In [1]:
import pandas as pd
import matplotlib.pyplot as plt
import seaborn as sns
import numpy as np

import scipy.stats as stats
from scipy import special

from sklearn.preprocessing import LabelEncoder
from sklearn.model_selection import GridSearchCV, cross_val_score, train_test_split

from xgboost import XGBRegressor
from lightgbm import LGBMRegressor
from sklearn.linear_model import LinearRegression, Lasso, Ridge
from sklearn.tree import DecisionTreeRegressor
from sklearn.ensemble import RandomForestRegressor, StackingRegressor, VotingRegressor

from sklearn.metrics import r2_score, mean_squared_error

In [2]:
def label(train, test, object_columns):
    train_label = dict()
    test_label = dict()

    for label in object_columns:
        label_encoder = LabelEncoder()
        train_label[label] = label_encoder.fit_transform(train[label])

        for t_label in np.unique(test[label]):
            if t_label not in label_encoder.classes_: # unseen label 데이터인 경우( )
                label_encoder.classes_ = np.append(label_encoder.classes_, t_label)
        
        test_label[label] = label_encoder.transform(test[label])

    train_label_df = pd.concat([train.drop(object_columns, axis=1), pd.DataFrame(train_label)], axis=1)
    test_label_df = pd.concat([test.drop(object_columns, axis=1), pd.DataFrame(test_label)], axis=1)

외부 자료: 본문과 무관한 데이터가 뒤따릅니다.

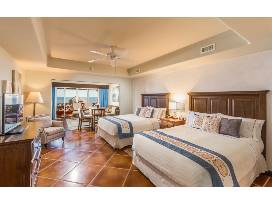 Details of the Suite: 1,255 square foot Presidential Suite (Garden) (Ocean view based on availability upon check-in) featuring two bedrooms (main bedroom King size bed, guest bedroom 2 Queen size beds), three bathrooms, fully equipped kitchen, dining table for six and private balcony or terrace lush surroundings and stunning garden views. Hacienda Del Mar Los Cabos Resort Villas & Golf is a AAA Four Diamond Resort. Your presidential suite features a private Jacuzzi tub, Sweet Sleeper mattresses and down bedding, daily housekeeping and 24-hour room service.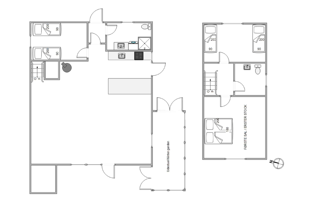 Das gemütliche Ferienhaus verfügt über drei Schlafzimmer. Das Schlafzimmer mit dem Doppelbett befindet sich im Erdgeschoss und die anderen zwei mit den Einzelbetten im ersten Stock. Der Höhepunkt wird sicherlich der gemütliche Wintergarten sein. Hier könnt ihr abends in aller Ruhe euer Abendessen genießen und mit viel Glück schauen Rehe, Hasen oder Fasane vorbei.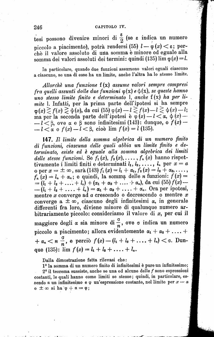 Io la somma di un numero finito di infinitesimi è pure un infinitesimo; 2° il teorema sussiste, anche se una od alcune delle f sono espressioni costanti, le quali hanno come limiti se stesse ; quindi, in particolare, essendo a un infinitesimo e cp un'espressione costante, nel limite per x a o ±oo si ha 9 + a = cp ;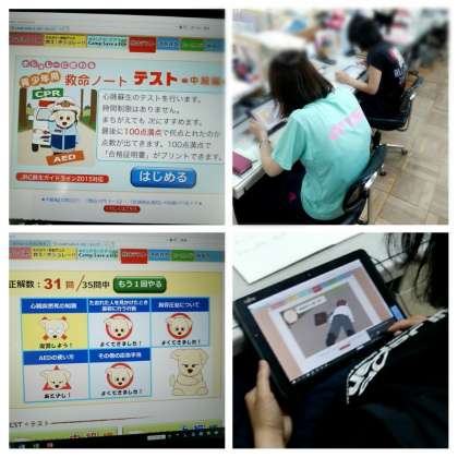 タブレット端末を使って、応急手当の研修をしました。パソコンやスマートフォンで応急手当講習を体験できるように大阪市が開発したアプリです。初級編・中級編・上級編のクイズに答えながら、救急時の対応について学びました。
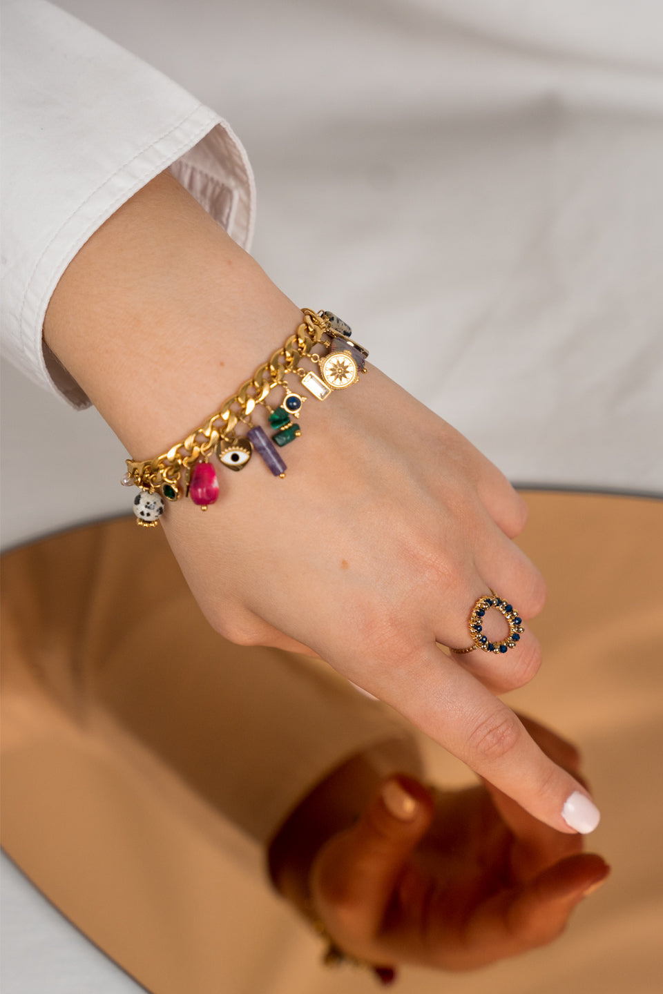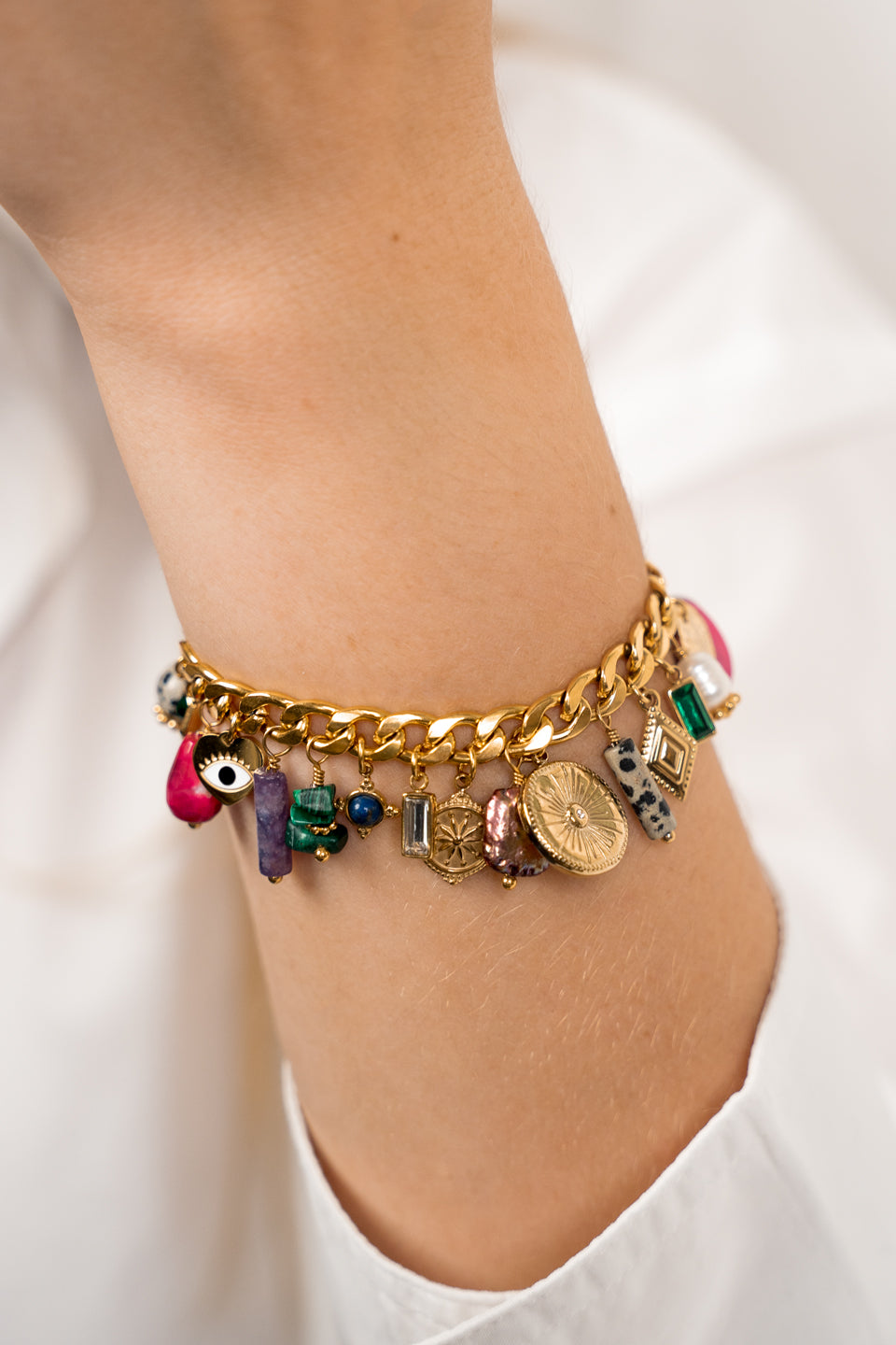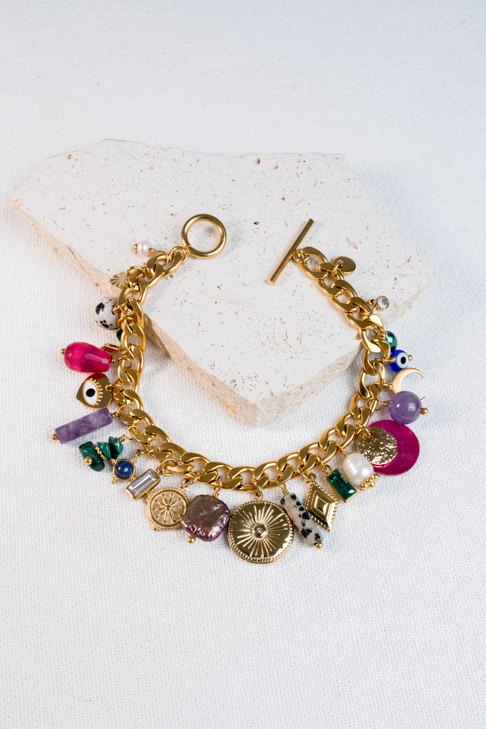 Le bracelet Horia est fabriqué à la main dans mon atelier, Il est composé d’une chaine gourmette, décorée d’un fermoir bâton et d’une multitude de pampilles dorées et en pierre semi-précieuses,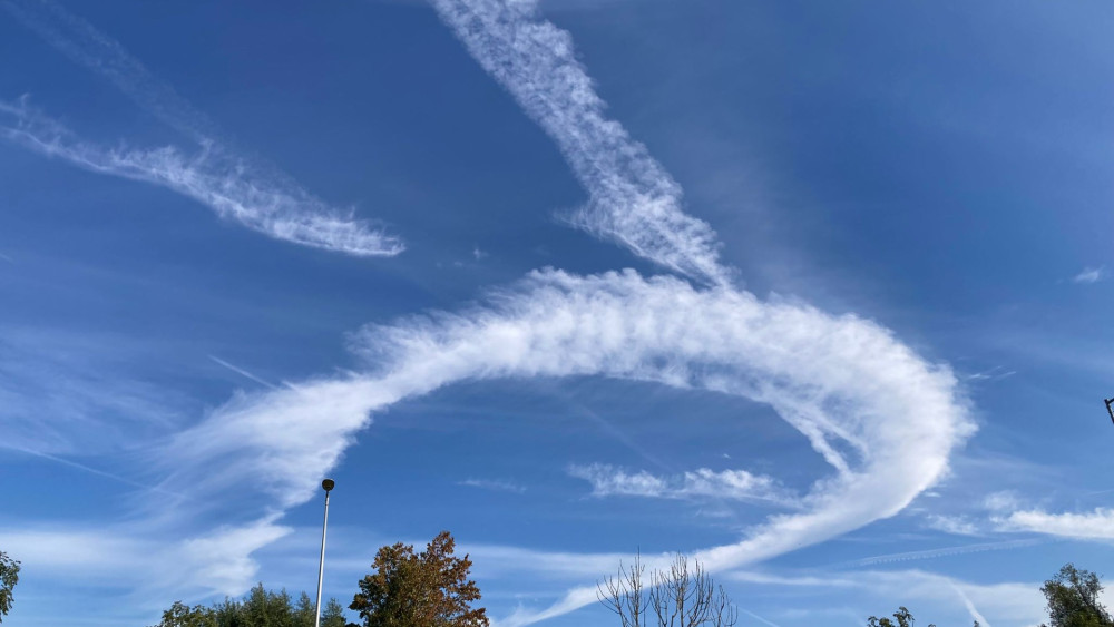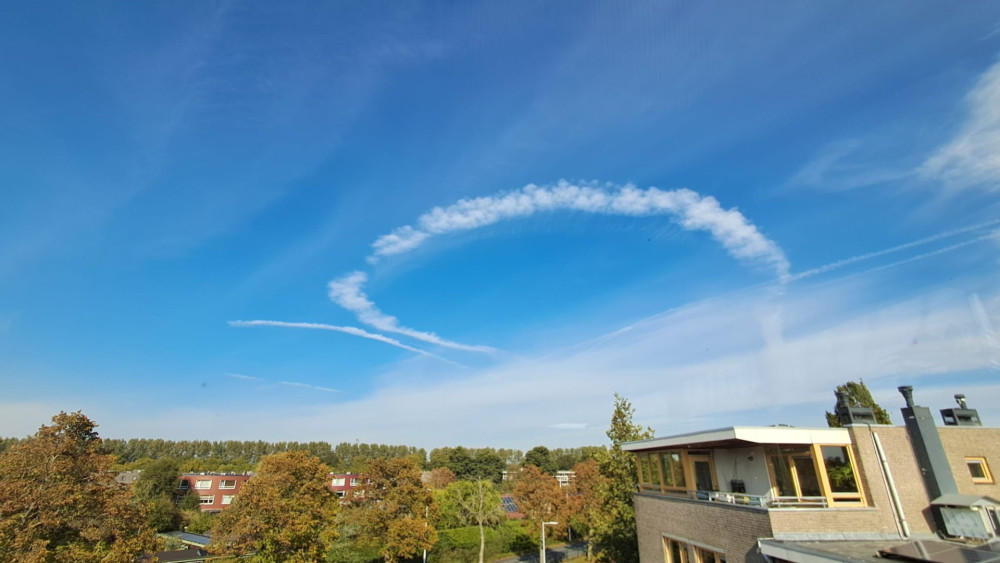 Een ander, die foto’s maakte vanuit Amsterdam-Noord: ‘Ik zie steeds dit soort halve cirkels in de lucht boven Amsterdam, al bekend? Ze komen en gaan, vanuit Oost op de ring naar Noord vier stuks en vanmorgen in de Tuinstraat in de Jordaan viel het ook op. Waarschijnlijk afkomstig van vliegtuigen, maar waarom?’

    return train_label_df, test_label_df

# 데이터

In [3]:
benz= pd.read_csv('./Data/benz/train.csv')
benz_test = pd.read_csv('./Data/benz/test.csv')

In [4]:
# type이 int인 column 추출
int_columns = benz.loc[:, benz.dtypes == 'int64'].columns

zero_col = list()
cont_col = list()
cate_col = list()

for col in int_columns:
    if len(benz[col].unique()) == 1:
        zero_col.append(col)
    elif len(benz[col].unique()) == 2:
        cate_col.append(col)
    else:
        cont_col.append(col)

In [5]:
# type이 object인 column 추출
object_columns = benz.loc[:, benz.dtypes == object].columns

In [6]:
test = benz_test.copy()
train = benz.copy()

In [7]:
train_label_df, test_label_df = label(train, test, object_columns)

In [8]:
# box cox scaling
train_box = train_label_df.copy()

train_box_out = train_box[train_box['y'] < 200]

train_box['y'], maxlog = stats.boxcox(train_box['y'])
train_box_out['y'], maxlog = stats.boxcox(train_box_out['y'])

A value is trying to be set on a copy of a slice from a DataFrame.
Try using .loc[row_indexer,col_indexer] = value instead

See the caveats in the documentation: https://pandas.pydata.org/pandas-docs/stable/user_guide/indexing.html#returning-a-view-versus-a-copy
  train_box_out['y'], maxlog = stats.boxcox(train_box_out['y'])


In [9]:
datas = {'box' : train_box, 'box_out' : train_box_out}

# 여러가지 모델 학습
(XGB, lightGBM, Randomforest, Ridge, Lasso, DecisionTree, LinearRegression)

## base model

In [10]:
def regression(data, reg):
    X = data.drop(['y'], axis=1)
    y = data.y

    scores = cross_val_score(reg, X, y, scoring='r2', cv=5)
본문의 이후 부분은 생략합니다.